The SpaceX CRS-24 Dragon cargo ship splashed down on January 24th in the Gulf of Mexico off the coast of Florida returning a CubeLab investigation on the aging in blood, also known as hematopoietic, stem cells and the transformation of these cells into cancer cells. Initial post-flight analysis revealed a successful live return of hematopoietic stem cells were successfully returned to Earth. This demonstrated live-return assures cell viability that will allow our partners to study the physiological health of stem cells in response to being in the extreme microgravity environment.
“If we can find early predictors of cancer progression on the ISS, we are ideally positioned to rapidly translate them into clinical trials … back on Earth,” shared Principal Investigator Catriona Jamieson during the initial announcement of a NASA Research Announcement award to develop a new integrated space stem cell orbital research laboratory on the ISS.
Transduced Stromal Co-Cultures of Human Bone Marrow in Microgravity, also known as Space Tango-Hematopoietic Stem Cells, investigates aging in blood (hematopoietic) stem cells and the transformation of these cells into cancer cells. The data from this investigation provides important insight into those processes and may lay the basis for the discovery of novel strategies to detect, prevent, and stop the development of certain blood cancers.
This is investigation is in partnership with the NASA-funded UC San Diego Integrated Space Stem Cell Orbital Research (ISSCOR) laboratory – a platform to enhance existing and develop innovative technologies that will drive academic, philanthropic, and industry demand for the utilization of low Earth orbit (LEO) capabilities.
Exposure to microgravity in low-Earth orbit can speed up both processes, simulating aging and enabling the study of cell response to injury, capacity for repair, overall stem cell fitness, and evolution of blood cancers. This study could support the development of new ways to prevent, detect, and treat certain blood cancers.

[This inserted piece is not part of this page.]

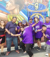 Mural designer, Rahmaan “Statik” Barnes and After School Matters student painters infront of their mural.

Operating in the microgravity environment is, presently, unique to the International Space Station. Such investigations cannot be conducted on Earth and require uniquely designed subsystems that allow us to assess the impact that a reduced force of gravity has on science. Developed with this in mind, the Space Tango Cell Culture CubeLab provides a flexible subsystem package for applications in regenerative medicine. The automated Cell Culture CubeLab for this investigation is designed to help to maintain the viability of hematopoietic stem cells and is predicated on the utilization of ISSCOR nano-bioreactors. This integrated system is equipped with a thermal management system, a microscope imaging system known as TangoScope, and fluid routing systems to transport media to and from cells.
While on the International Space Station, we worked collaboratively with our partner throughout the 30-day mission duration to evaluate and quantify the cell’s immune response and function. Space Tango downlinked over 6000 images from the flight payload and over 3000 additional images from the ground unit in near real-time allowing the UC San Diego ISSCOR mission operations team to make observations throughout media changes. Supported by our TangoScope™ automated capabilities, software engineers were able to adjust preset imaging locations to accommodate for any shifting or movement cells may have experienced from both the launch and from being in a microgravity environment. Fluorescence images were post-processed to create composite images to share with UC San Diego in near real-time.
Upon returning to Earth, the CubeLab was returned to Space Tango at the Kennedy Space Center Space Station Processing Facility where team members greeted the CubeLab and removed biological samples. Following this de-integration process, the space-faring stem cells were returned to the University of California San Diego for further analysis revealing the successful live return of stem cells using CubeLab hardware. This demonstrated live-return assures cell viability that will allow our partners to study the physiological health of stem cells in response to being in the extreme microgravity environment.
Flight and ground control sample analysis is currently underway. Thousands of raw fluorescent microscope images were shared with the UCSD team allowing the partner to further analyze the impact of the microgravity environment on hematopoietic stem cells. An analysis of the microgravity investigation is underway with the support of data from an asynchronous ground control unit and will provide helpful information to support the next launch of this investigation on SpaceX CRS-25 scheduled to launch in June 2022.